Enable duckdb index on gated datasets

huggingface / dataset-viewer

Backend that powers the dataset viewer on Hugging Face dataset pages through a public API.

https://huggingface.co/docs/dataset-viewer

Apache License 2.0

675 stars 73 forks source link

Enable duckdb index on gated datasets #1686

Closed severo closed 1 year ago

severo commented 1 year ago

Currently, duckdb index is not supported for gated/private datasets. I opened a question in duckdb foundations but didn't receive a response yet, I think I will open an issue in the repo https://github.com/duckdb/foundation-discussions/discussions/16

from Slack (internal)

AndreaFrancis commented 1 year ago

I was thinking that maybe we can use the same approach as split-descriptive-statistics, temporarily download the parquets using auth for gated datasets and then load it to the duckdb index.

severo commented 1 year ago

Yes, maybe it's even faster that way. Did you compare?
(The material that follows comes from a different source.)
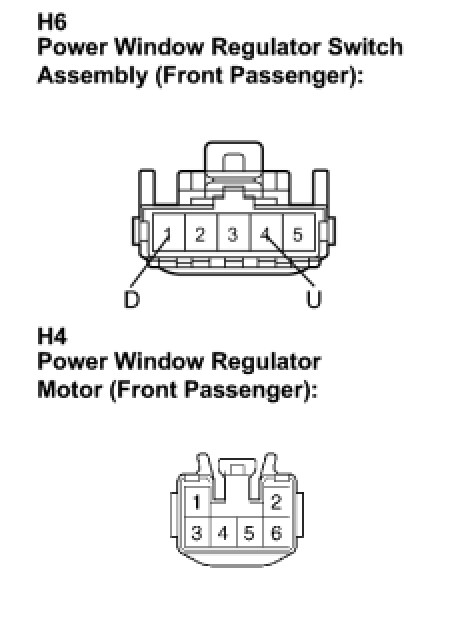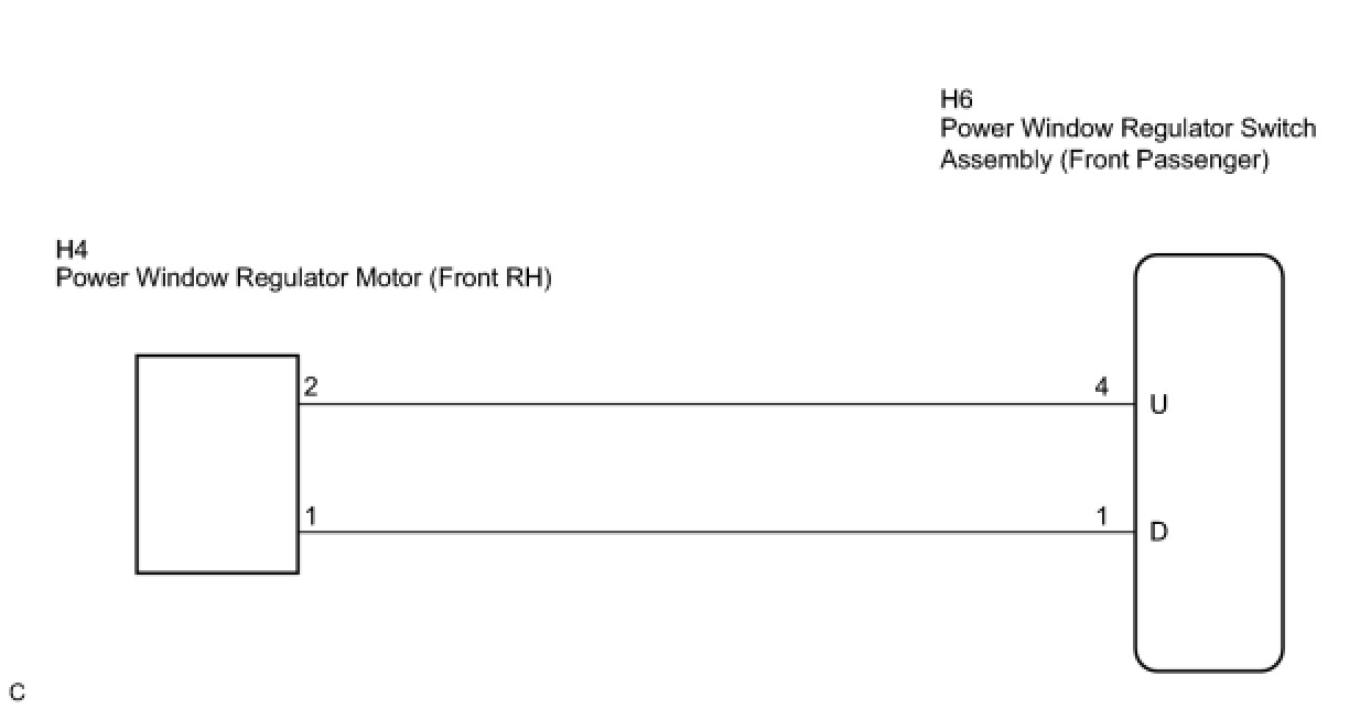 This circuit transmits signals from the power window regulator switch assembly (Front RH) to the power window regulator motor (Front RH).

AndreaFrancis commented 1 year ago

I compared and looks to be similar, with a difference of a couple of seconds:

URL	Size MB	Time (seconds) - download	Time (seconds) - duckdb
https://huggingface.co/datasets/amazon_us_reviews/resolve/refs%2Fconvert%2Fparquet/Baby_v1_00/amazon_us_reviews-train-00000-of-00002.parquet	274	188.66	161.86
https://huggingface.co/datasets/asoria/copy_beans/resolve/refs%2Fconvert%2Fparquet/default/test/0000.parquet	17.7	8.33	8.13
https://huggingface.co/datasets/IlyaGusev/yandex_q_full/resolve/refs%2Fconvert%2Fparquet/default/partial-train/0008.parquet	260	88.7	96

I think we can add an exception in case it was not possible to use duckdb to load the data and try to download the parquet files.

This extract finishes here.